Precise Mortgages is set to enter the prime residential market for the first time with a range of products with rates close to that of some of the large high-street lenders, Mortgage Strategy understands.
It is thought the lender is close to securing funding for the new range, which could launch as early as this week, and will contain both remortgage and home purchase products.
Mortgage Strategy understands the range could be limited to the South East when it launches, although it is possible the lender could widen its distribution to cover other parts of the country in the future.
The lender currently offers near-prime trackers from 4.61 per cent and fixed rates from 5.19 per cent, with loan-to-values ranging from 70 per cent to 85 per cent.
Precise, which launched in November 2010, has only offered buy-to-let and near-prime products to date, meaning the launch is its first foray into the prime sector.
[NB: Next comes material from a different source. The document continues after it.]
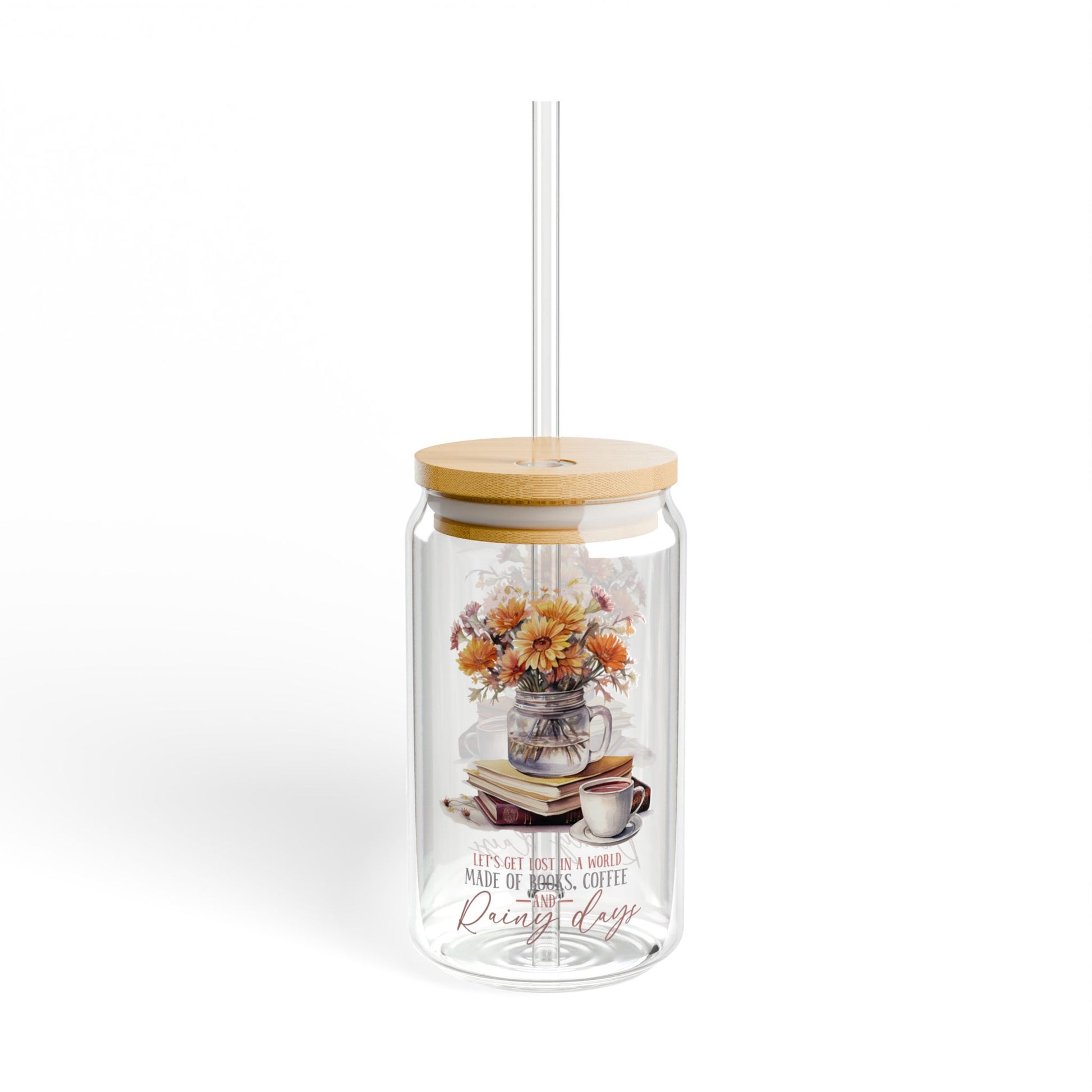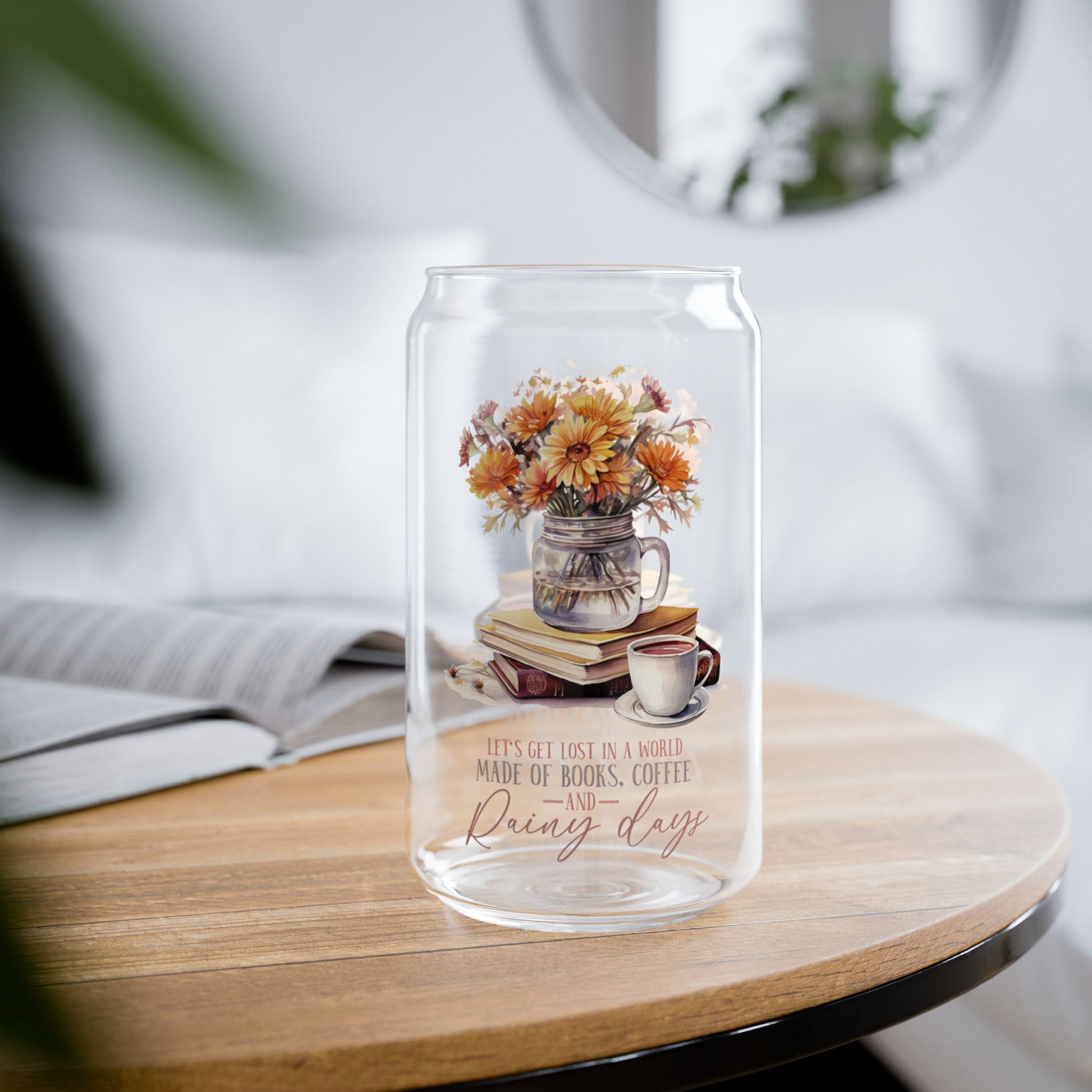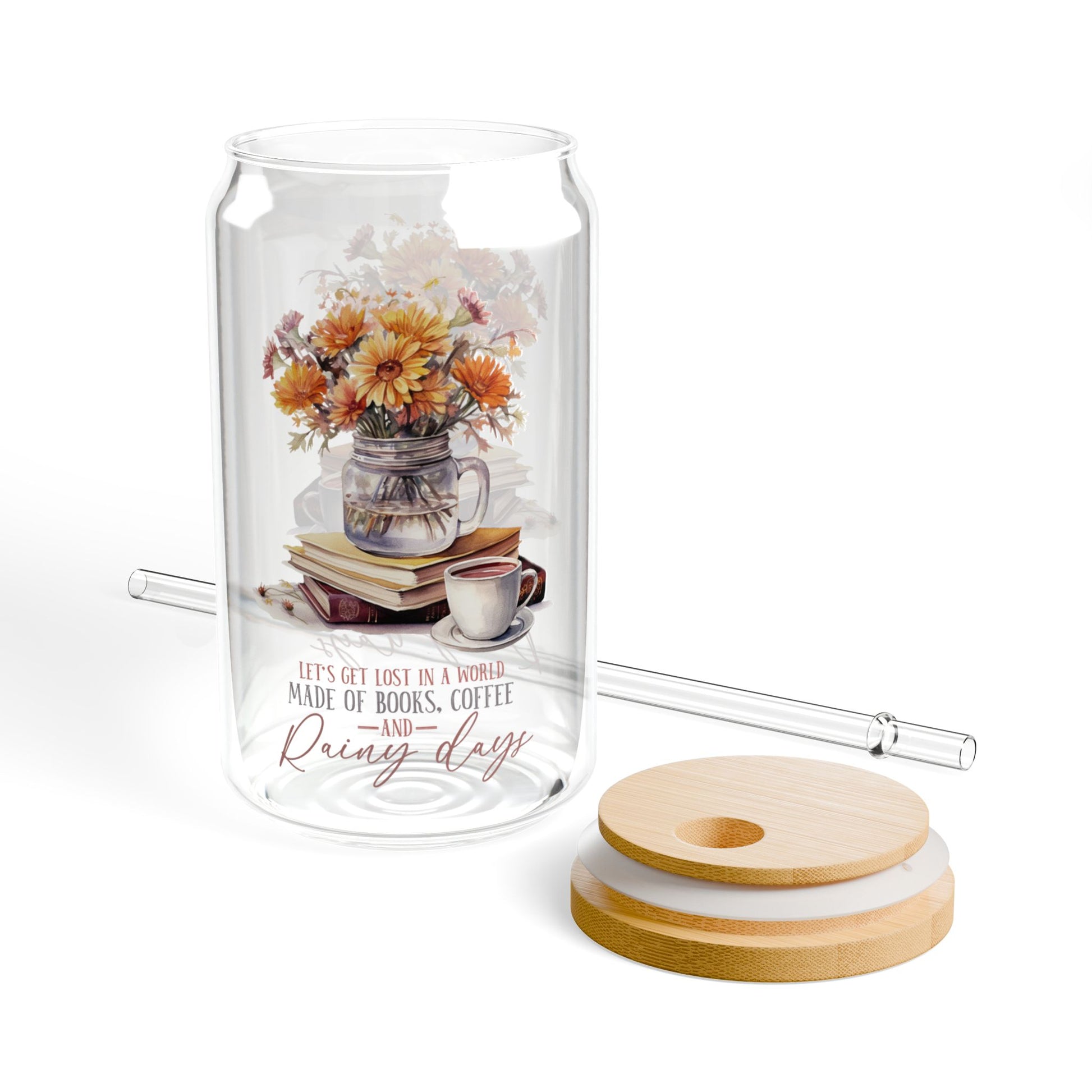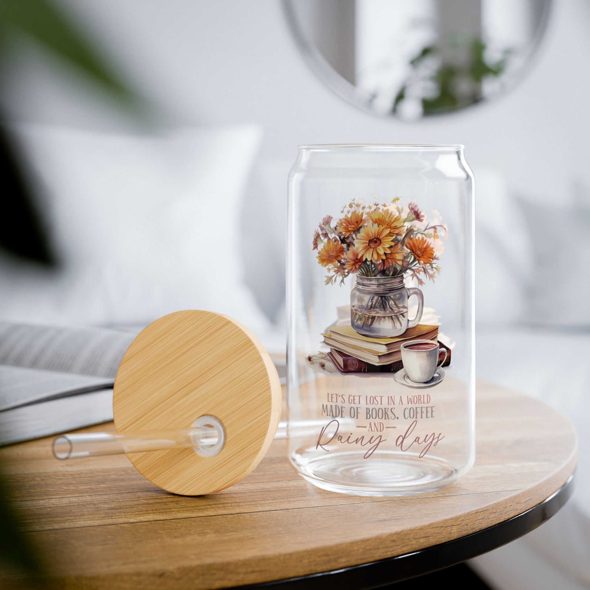 'Books Coffee and Rainy Days' | 16oz Custom Sipper Glass with Bamboo Lid & Straw – Perfect for Sweet Treats and Family Parties

The lender launched into the bridging sector in May 2011, before launching a range of regulated short-term products in January this year.
Precise Mortgages refused to comment.
London & Country associate director of communications David Hollingworth say: “It is really positive to see one of the smaller non-bank lender wanting to make a serious play at competing with the bigger lenders. The challenge will be how Precise keeps its underwriting criteria as bespoke as it is currently if it is going to compete with the bigger players on price.”
Chadney Bulgin mortgages partner Jonathan Clark says: “While it would be good to see Precise get a little closer to the cheaper end of the market, I think brokers will be more concerned about whether it keeps underwriting applications on a case-by-case basis. If it can do that then brokers will be very happy and it will help people who are unable to be placed elsewhere. That is what the prime market needs.”